=== EXERCISE ===
Among the entries that follow, locate the line with "The Church of" and the line with "Easy Access for Blade Change". Output those lines and all lines in between, exactly, minus the pictures.

**** MATERIAL FOR THIS TASK ****

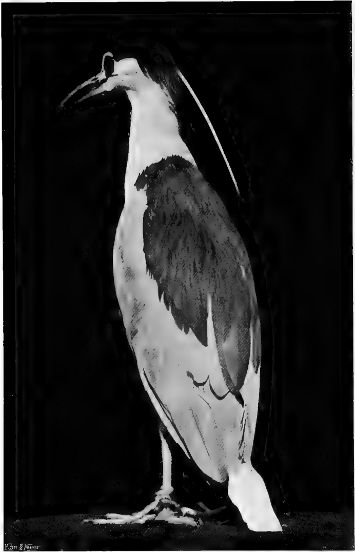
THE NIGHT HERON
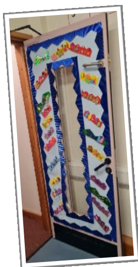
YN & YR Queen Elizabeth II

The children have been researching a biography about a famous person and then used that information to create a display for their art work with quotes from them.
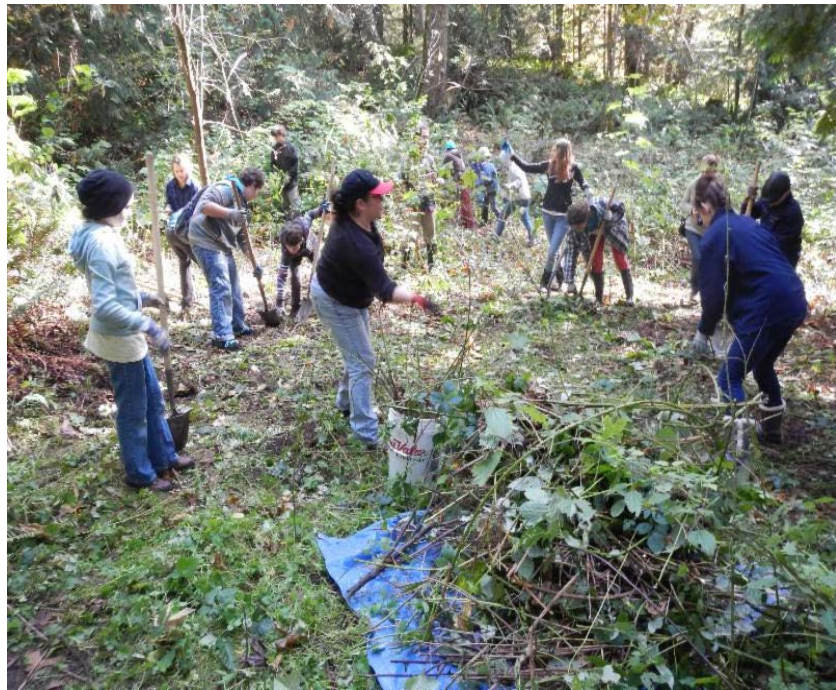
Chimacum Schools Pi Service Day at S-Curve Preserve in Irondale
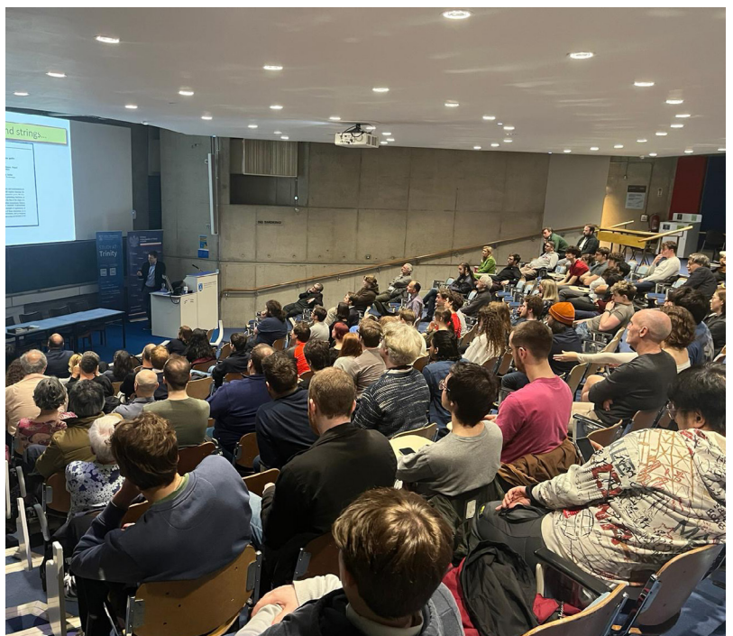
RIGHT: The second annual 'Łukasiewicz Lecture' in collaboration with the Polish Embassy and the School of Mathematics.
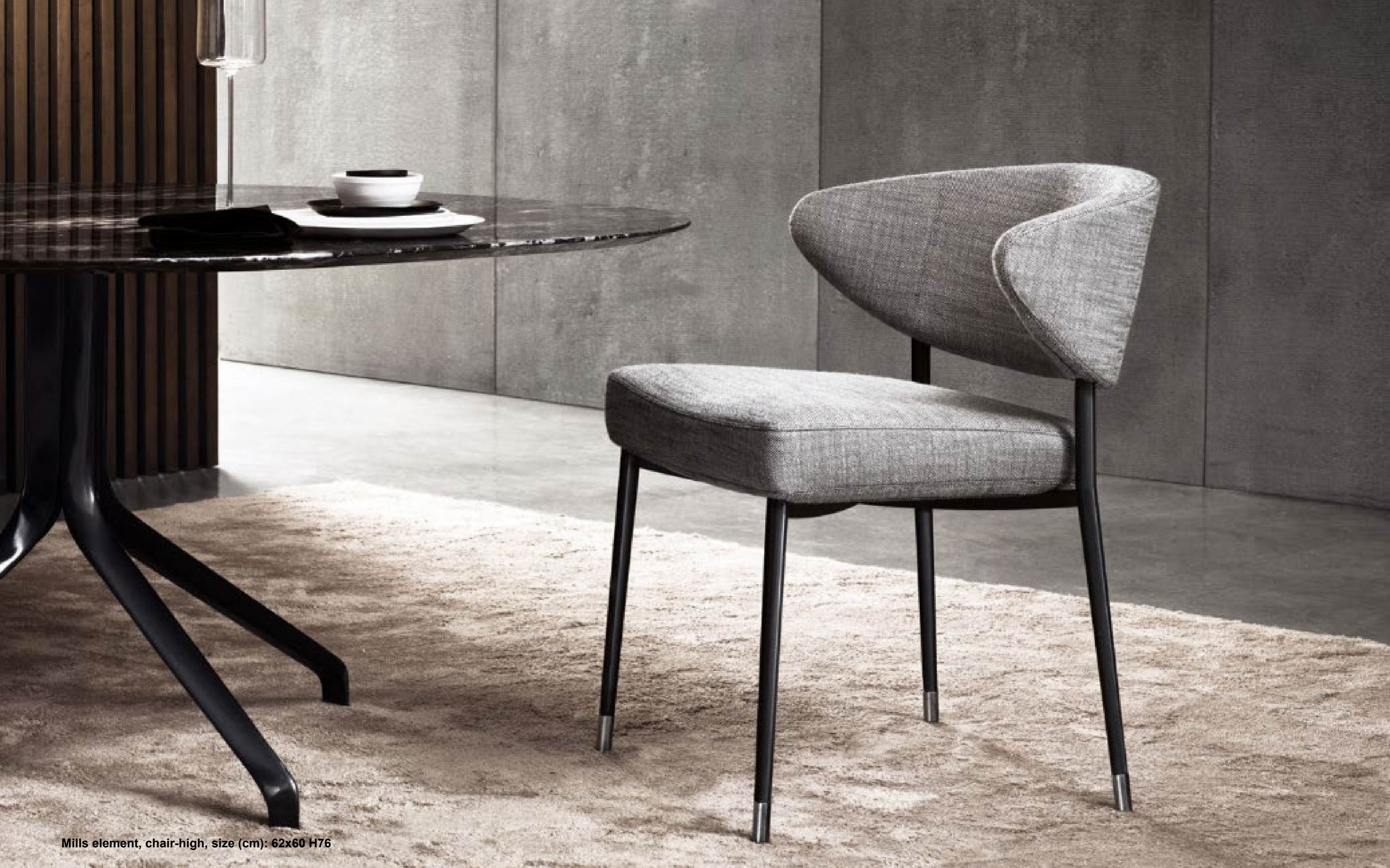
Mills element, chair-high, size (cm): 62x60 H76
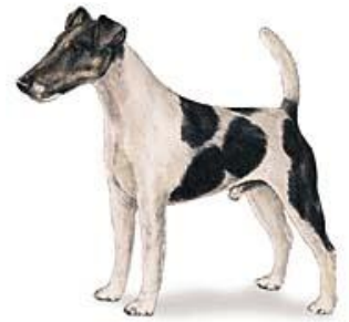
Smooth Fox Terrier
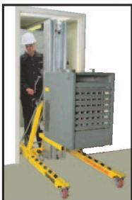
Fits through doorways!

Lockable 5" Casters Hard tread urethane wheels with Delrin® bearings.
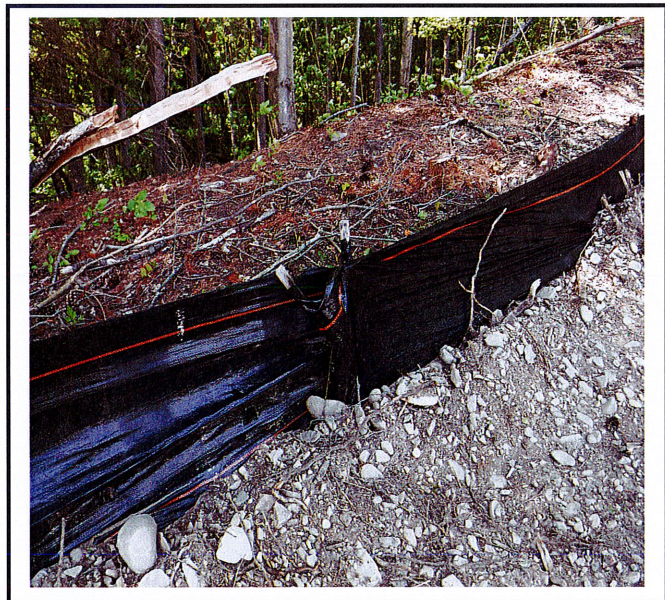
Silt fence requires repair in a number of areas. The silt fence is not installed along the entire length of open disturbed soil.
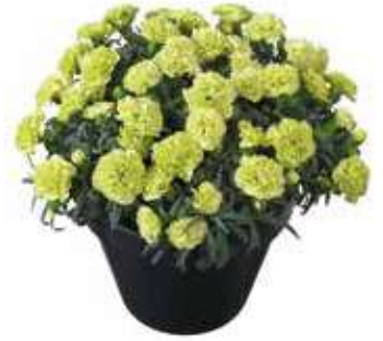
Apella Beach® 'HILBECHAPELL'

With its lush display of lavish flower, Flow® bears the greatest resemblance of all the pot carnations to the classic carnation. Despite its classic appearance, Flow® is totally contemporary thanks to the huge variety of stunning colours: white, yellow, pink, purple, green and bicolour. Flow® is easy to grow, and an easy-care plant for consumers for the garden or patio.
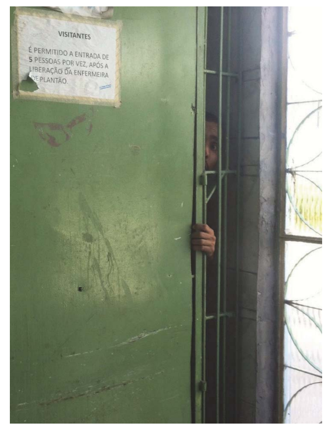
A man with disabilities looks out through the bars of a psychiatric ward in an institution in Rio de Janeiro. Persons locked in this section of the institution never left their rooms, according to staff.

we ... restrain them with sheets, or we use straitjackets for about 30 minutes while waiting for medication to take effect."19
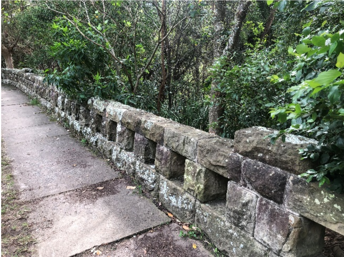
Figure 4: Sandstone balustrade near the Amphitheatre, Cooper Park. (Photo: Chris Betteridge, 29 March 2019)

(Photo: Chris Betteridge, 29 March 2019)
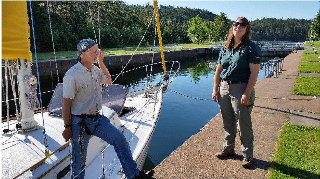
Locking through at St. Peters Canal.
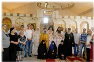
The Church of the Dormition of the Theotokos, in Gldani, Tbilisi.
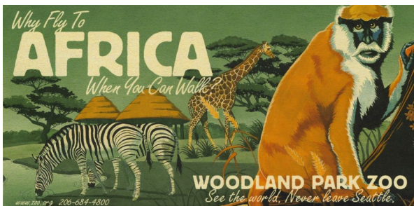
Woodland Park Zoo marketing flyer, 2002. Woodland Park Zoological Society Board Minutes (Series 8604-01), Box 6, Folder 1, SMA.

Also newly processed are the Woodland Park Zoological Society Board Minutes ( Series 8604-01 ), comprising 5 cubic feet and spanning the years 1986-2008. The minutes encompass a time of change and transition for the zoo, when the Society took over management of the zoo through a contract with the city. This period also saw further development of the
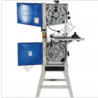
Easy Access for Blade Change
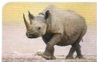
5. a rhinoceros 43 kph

****

=== OUTPUT ===
The Church of the Dormition of the Theotokos, in Gldani, Tbilisi.
Woodland Park Zoo marketing flyer, 2002. Woodland Park Zoological Society Board Minutes (Series 8604-01), Box 6, Folder 1, SMA.

Also newly processed are the Woodland Park Zoological Society Board Minutes ( Series 8604-01 ), comprising 5 cubic feet and spanning the years 1986-2008. The minutes encompass a time of change and transition for the zoo, when the Society took over management of the zoo through a contract with the city. This period also saw further development of the
Easy Access for Blade Change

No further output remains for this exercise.